Герой романа Владимира Тендрякова «Свидание с Нефертити» художник-фронтовик Федор Материн, посещая выставку обласканного в начале 50-х советского мэтра, оставляет в книге отзывов лаконичную оценку: «Понятен, как ладонь, протянутая за милостыней». После выставки Гелия Коржева, недавно открытой в Третьяковской галерее, другую рецензию оставить трудно. Собственно, на этом заметку можно было и завершить.

Но после посещения этого гигантского проекта остается ряд вопросов, которые, хотя и связаны с деятельностью уже умершего художника, на самом деле выходят за рамки темы изобразительного искусства как такового. Скорее, они говорят об изменениях, достаточно важных, в самой сфере культурной политики.

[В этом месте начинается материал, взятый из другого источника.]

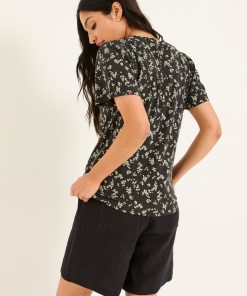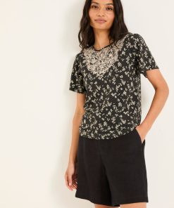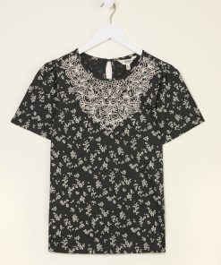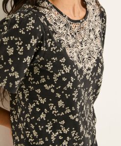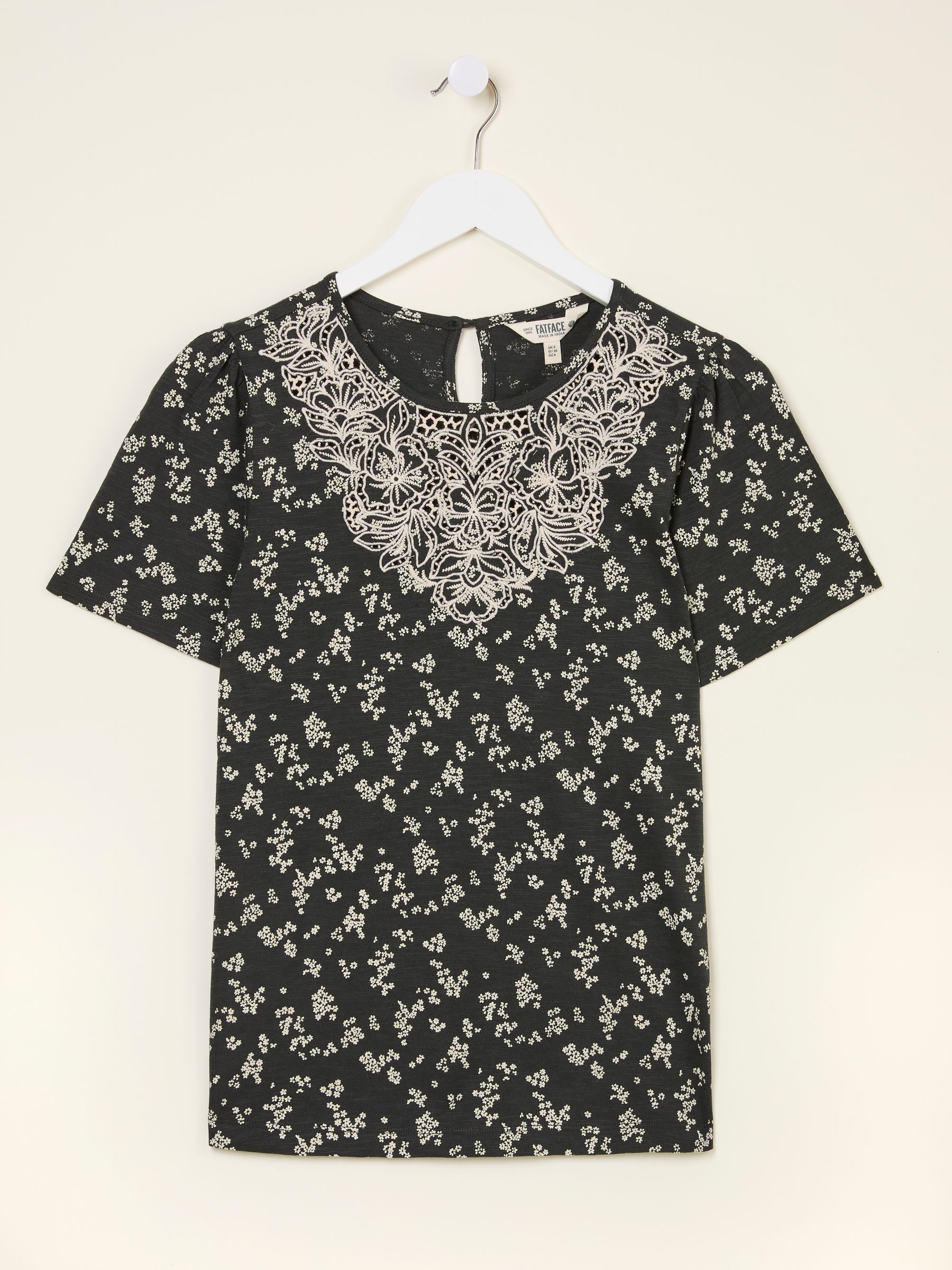 A fresh take on classic. Our Leoni mono ditsy t-shirt features a delicate patterned embroidery stitched across the front beautifully complemented by a subtle floral print. The perfect amount of texture and print that adds character to this everyday staple. Soft, breathable, and easy to wear its perfect for coffee runs, casual days out – effortlessly pairing with your favourite denim or go-to skirt.Model is 5’9”/175cm and wears UK size 8

До последнего времени, активно продвигая псевдопатриотические тренды и плодя многочисленные симулякры, Министерство культуры мало заботилось об эстетической составляющей. Распределяя гранты, оно скорее преследовало идеологические цели. Собственно, обычно все заданные тренды понятны до просмотра фильма или сериала, до того, как покрывало соскользнет с очередного бронзового истукана, или до того, как откроешь книгу писателя-патриота, заполненную «последней правдой». Кто нынче хорош, а кто плох, где идет конфликт национального и космополитического, благородного «вставания с колен» и отвратительного «соплеглотания» — понятно еще до ознакомления с очередным опусом. До недавнего времени недостаточный интерес почтеннейшей публики хоть и огорчал творческие артели разнообразных «скрепозабивателей», но не сильно волновал задающих тренды управленцев. Да, жалко, что наше «настоящее» кино смотрит все меньше людей и оно не становится событием, а какой-нибудь чуждый народу «Левиафан» — становится; что у стендов писателей-патриотов люди на книжных ярмарках не толпятся и они, бедолаги, вынуждены бесконечно писать кляузы, будто их зажимают… Действительно — очень жаль. Но мы же все сделали правильно: деньги раздали, цели указали, сеансы в кинотеатрах продавили, творческие премии берем под контроль… В общем, что могли — сделали. Отчитаться есть чем. Ну а что люди не толпятся у касс, что бестселлеры по-прежнему у Улицкой и Акунина — что поделаешь. Когда-нибудь нынешняя неуклонная линия приведет к победе настоящих национальных сил. Перефразируя классика: «Проханова с Прилепиным с базара понесут». А проще — никуда потребитель не денется, будет смотреть и читать что дают.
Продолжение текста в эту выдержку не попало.